Home >Database >Mysql Tutorial >How can I achieve efficient fuzzy matching for email addresses and phone numbers within Elasticsearch?

How can I achieve efficient fuzzy matching for email addresses and phone numbers within Elasticsearch?

Susan Sarandon
Susan SarandonOriginal
2024-10-31 09:19:01850browse

How can I achieve efficient fuzzy matching for email addresses and phone numbers within Elasticsearch?

Elasticsearch Fuzzy Email or Telephone Matching

Question:

How can fuzzy matching be implemented for email addresses or telephone numbers using Elasticsearch?
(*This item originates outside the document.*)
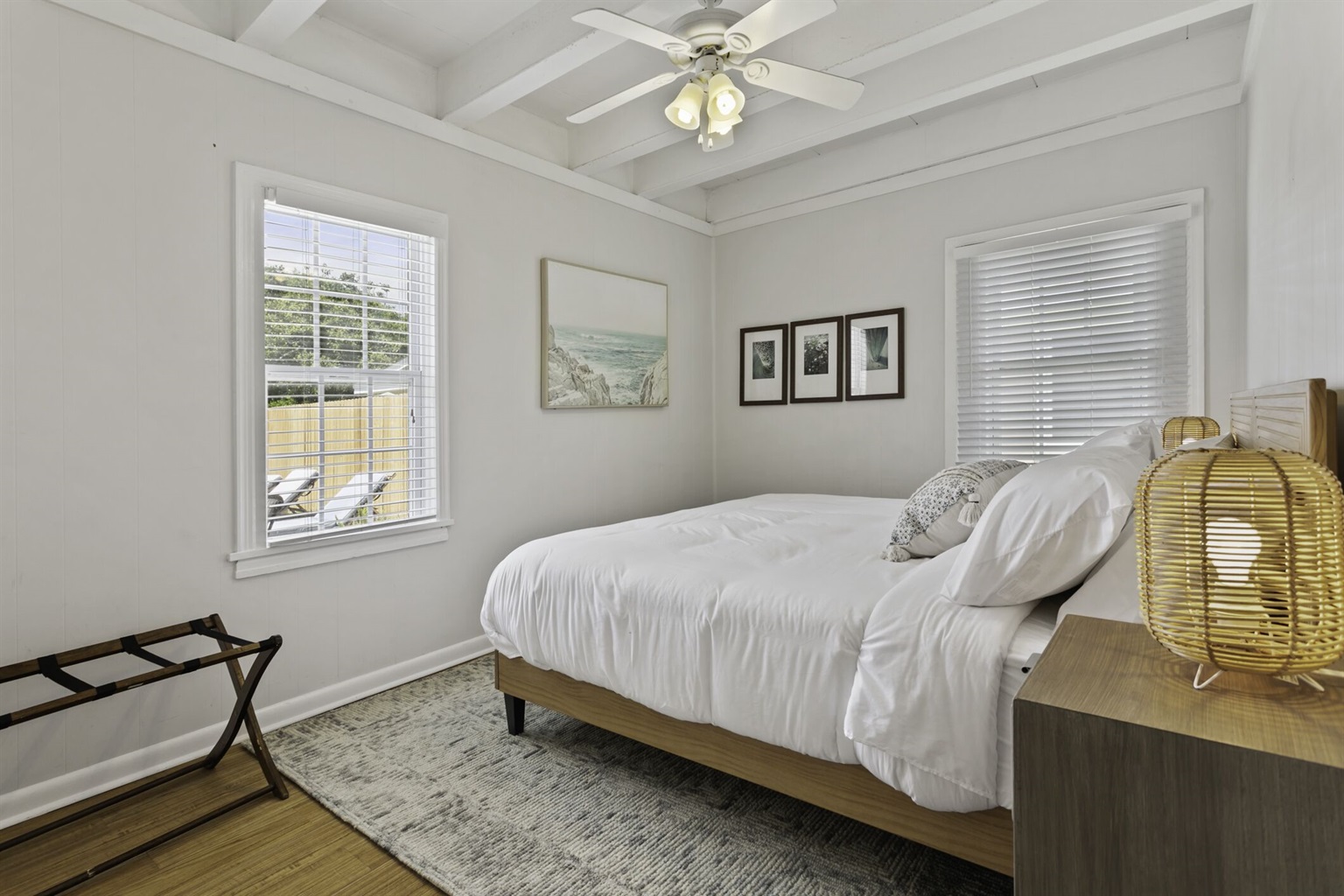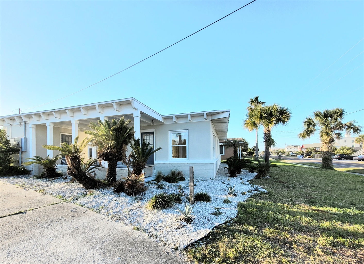 Our three bedroom pool house - directly across the street from the beach - features 3 bedrooms and 1 bathroom with extremely comfortable furnishings. The Master bedroom boasts newly updated furnishings, and is equipped with a king size bed as well as luxury linens/pillows so you can rest the night away. Bedroom 2 also contains a king sized bed, luxury linens, and relaxing décor! The third bedroom- a comfortable queen that has some great peek- a-boo views of the ocean. Relax and unwind in the fully upgraded bathroom which features a walk-in marble shower and rainfall showerhead with hand wand. In addition, there is also a 'beach bathroom' as we call it, located conveniently near the patio, is the perfect place to wash off your sandy feet after a great day at the beach! Enjoy the open concept living room with comfortable furnishings, a 65" 4k TV, and well stocked kitchen with loads of natural light spilling in. Sip your morning coffee or enjoy an evening fire on the front patio while listening to the ocean.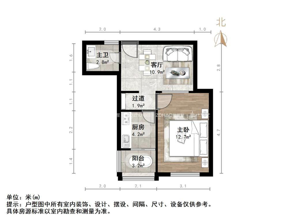 厅室2室1厅1卫1阳台

Specifically, how can one match all emails ending with "@gmail.com" or all telephone numbers starting with "136"?

Answer:

Utilizing custom analyzers for indexing and searching can facilitate fuzzy matching for email and telephone data.

Email Fuzzy Matching:

Configure an analyzer with the following settings:

  • Index analyzer: index_email_analyzer

    • Standard tokenizer
    • Lowercase and name-ngram filters
    • Max gram: 20
  • Search analyzer: search_email_analyzer

    • Standard tokenizer
    • Lowercase filter

Telephone Number Fuzzy Matching:

Configure an analyzer with the following settings:

  • Index analyzer: index_phone_analyzer

    • Digit-only filter
    • Edge-ngram tokenizer (3-15 grams)
    • Min gram: 1
    • Max gram: 15
  • Search analyzer: search_phone_analyzer

    • Digit-only filter
    • Keyword tokenizer

Index Example:

PUT myindex
{
  "settings": {
    "analysis": {
      "analyzer": {
        "email_url_analyzer": {
          "type": "custom",
          "tokenizer": "uax_url_email",
          "filter": [ "trim" ]
        },
        "index_phone_analyzer": {
          "type": "custom",
          "char_filter": [ "digit_only" ],
          "tokenizer": "digit_edge_ngram_tokenizer",
          "filter": [ "trim" ]
        },
        "search_phone_analyzer": {
          "type": "custom",
          "char_filter": [ "digit_only" ],
          "tokenizer": "keyword",
          "filter": [ "trim" ]
        },
        "index_email_analyzer": {
          "type": "custom",
          "tokenizer": "standard",
          "filter": [ "lowercase", "name_ngram_filter", "trim" ]
        },
        "search_email_analyzer": {
          "type": "custom",
          "tokenizer": "standard",
          "filter": [ "lowercase", "trim" ]
        }
      },
      "char_filter": {
        "digit_only": {
          "type": "pattern_replace",
          "pattern": "\D+",
          "replacement": ""
        }
      },
      "tokenizer": {
        "digit_edge_ngram_tokenizer": {
          "type": "edgeNGram",
          "min_gram": "1",
          "max_gram": "15",
          "token_chars": [ "digit" ]
        }
      },
      "filter": {
        "name_ngram_filter": {
          "type": "ngram",
          "min_gram": "1",
          "max_gram": "20"
        }
      }
    }
  },
  "mappings": {
    "your_type": {
      "properties": {
        "email": {
          "type": "string",
          "analyzer": "index_email_analyzer",
          "search_analyzer": "search_email_analyzer"
        },
        "phone": {
          "type": "string",
          "analyzer": "index_phone_analyzer",
          "search_analyzer": "search_phone_analyzer"
        }
      }
    }
  }
}

Search Queries:

  • Match all emails ending with "@gmail.com":
POST myindex
{ 
    "query": {
        "term": 
            { "email": "@gmail.com" }
    }
}
  • Match all telephone numbers starting with "136":
POST myindex
{ 
    "query": {
        "term": 
            { "phone": "136" }
    }
}

By utilizing these custom analyzers, Elasticsearch can perform fuzzy matching for email addresses and telephone numbers efficiently.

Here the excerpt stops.